8/10Le dernier chapitre

/ Critique - écrit par riffhifi, le 10/10/2009
Notre verdict : 8/10 - Le dernier des mots est quand ? (Fiche technique)

Tags : chapitre dernier jeux manga ventes juillard bob

La dernière histoire de Blake et Mortimer, celle de Barbe-Rouge, des Pieds Nickelés et de Johan et Pirlouit : c'est avec un regard attendri et respectueux que Convard et Juillard racontaient en 1998-99 ces derniers tours de piste.

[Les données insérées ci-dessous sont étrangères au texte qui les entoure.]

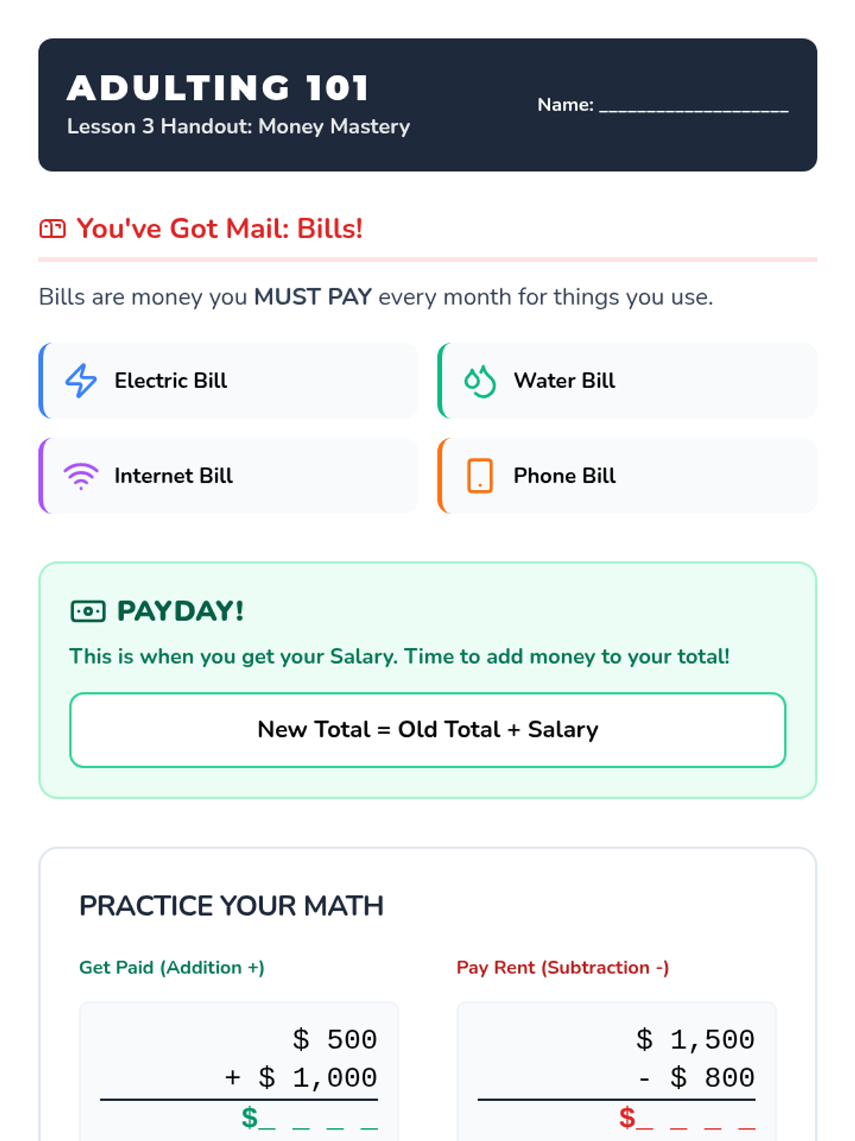 A focus on managing a monthly ledger, understanding 'Payday' squares, and the basics of paying bills on time.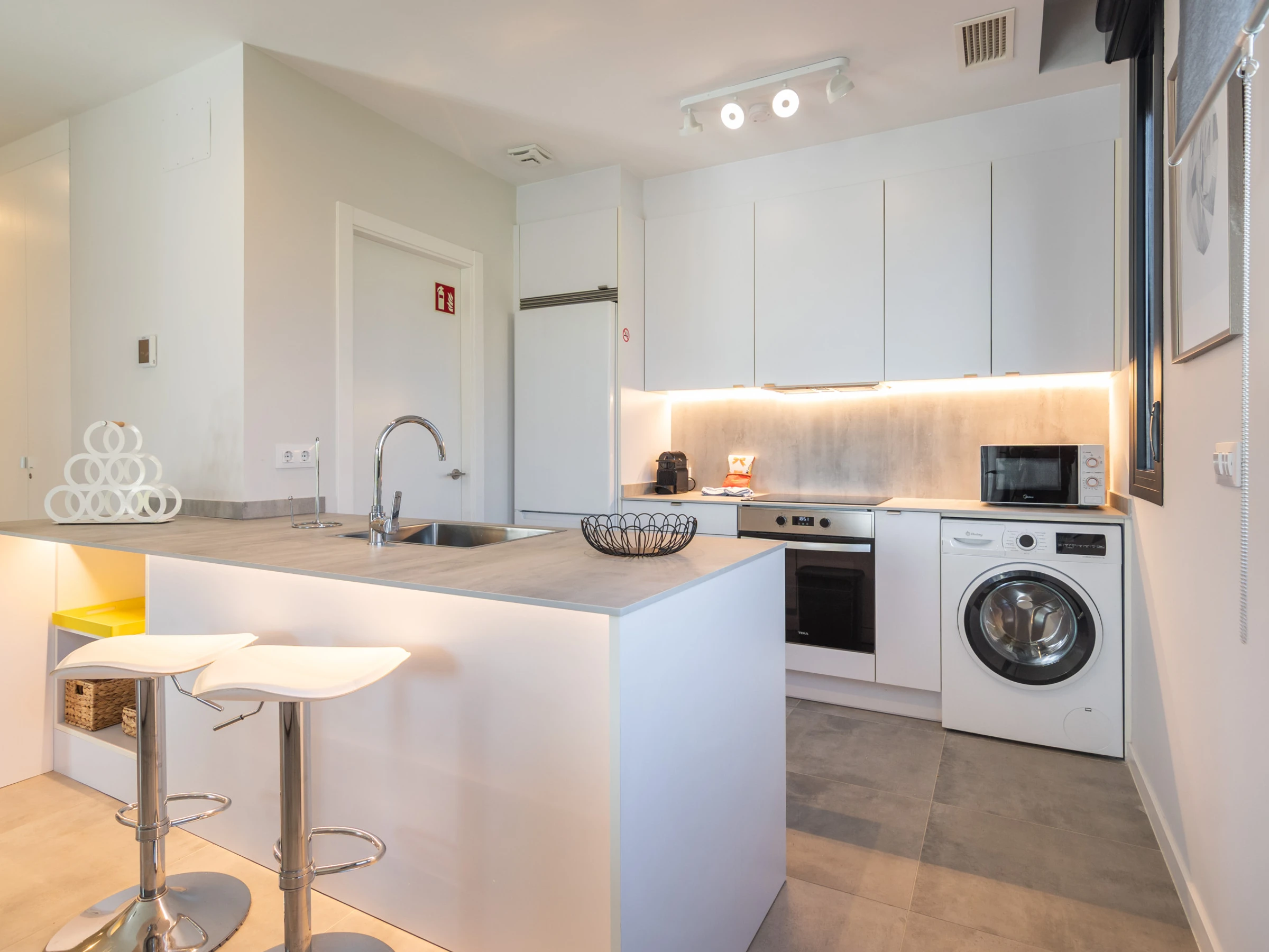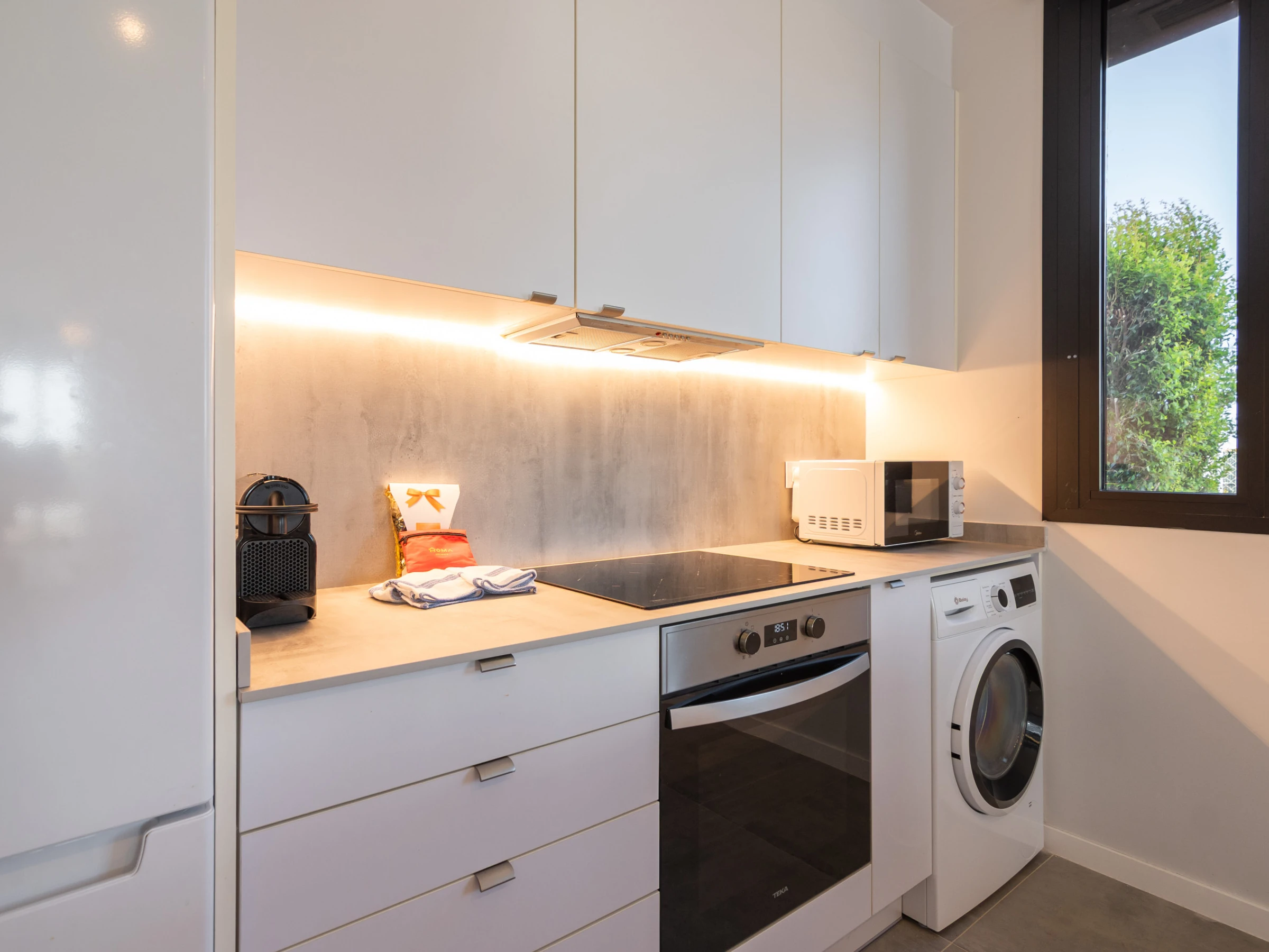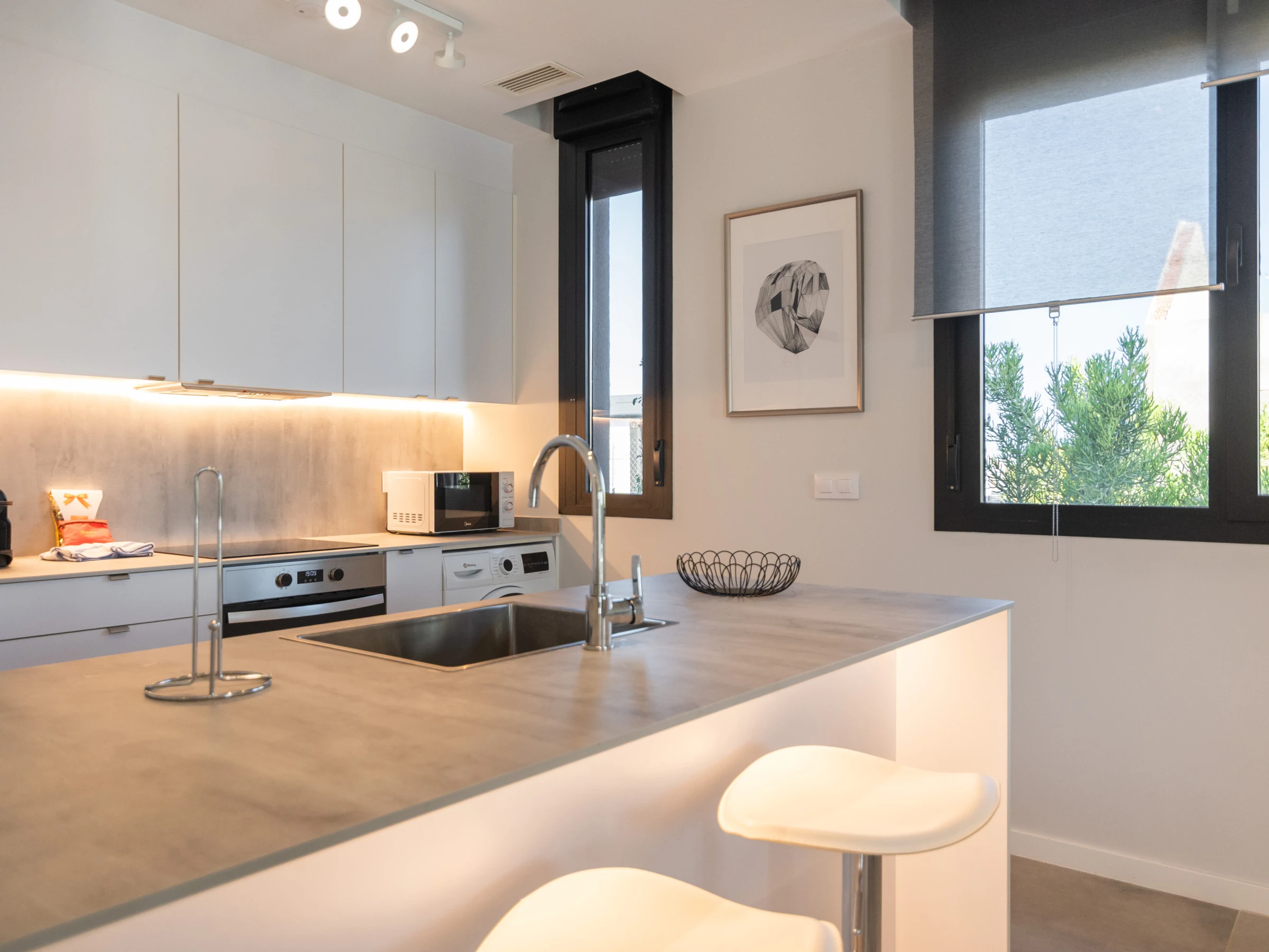 La cuisine américaine, à vitrocéramique, est équipée avec réfrigérateur, micro-ondes, four, congélateur, lave-vaisselle, vaisselle/couverts, ustensiles/cuisine, cafetière, grille pain, bouilloire et presse-agrumes.

Alors que Francis Blake et Philip Mortimer reprenaient tout juste le chemin des librairies (L'affaire Francis Blake en 1996, premier album post-Jacobs), Didier Edition intégrale (octobre 2009)
Edition intégrale (octobre 2009)
Convard et André Juillard leur concoctaient déjà un chant du cygne intitulé L'aventure immobile, dans un avenir où les deux Anglais auraient troqué l'énergie contre le cheveu blanc. Présenté dans un format à l'italienne, alternant les pages d'illustration pure et celles qui reproduisent une correspondance échangée par les deux héros, le résultat n'est pas à proprement parler une bande dessinée, mais plutôt un livre illustré, terriblement élégant et parvenant brillamment à évoquer la vieillesse de ces personnages mythiques. L'histoire se présente comme un complément à celle du Mystère de la grande pyramide, et propose une virée onirique et philosophique au pays des souvenirs et de l'amitié. Il est plus que probable que la sortie de cet opus en mars 1998 aient été déterminant dans le choix de Juillard pour reprendre le dessin de
Blake et Mortimer en alternance avec Ted Benoit : de 2000 à 2008, il signera quatre albums sur des scénarios d'Yves Sente, avec une réussite inégale mais jamais à la hauteur de ce Dernier Chapitre qui cherche à rendre hommage plutôt qu'à répliquer l'œuvre de Jacobs.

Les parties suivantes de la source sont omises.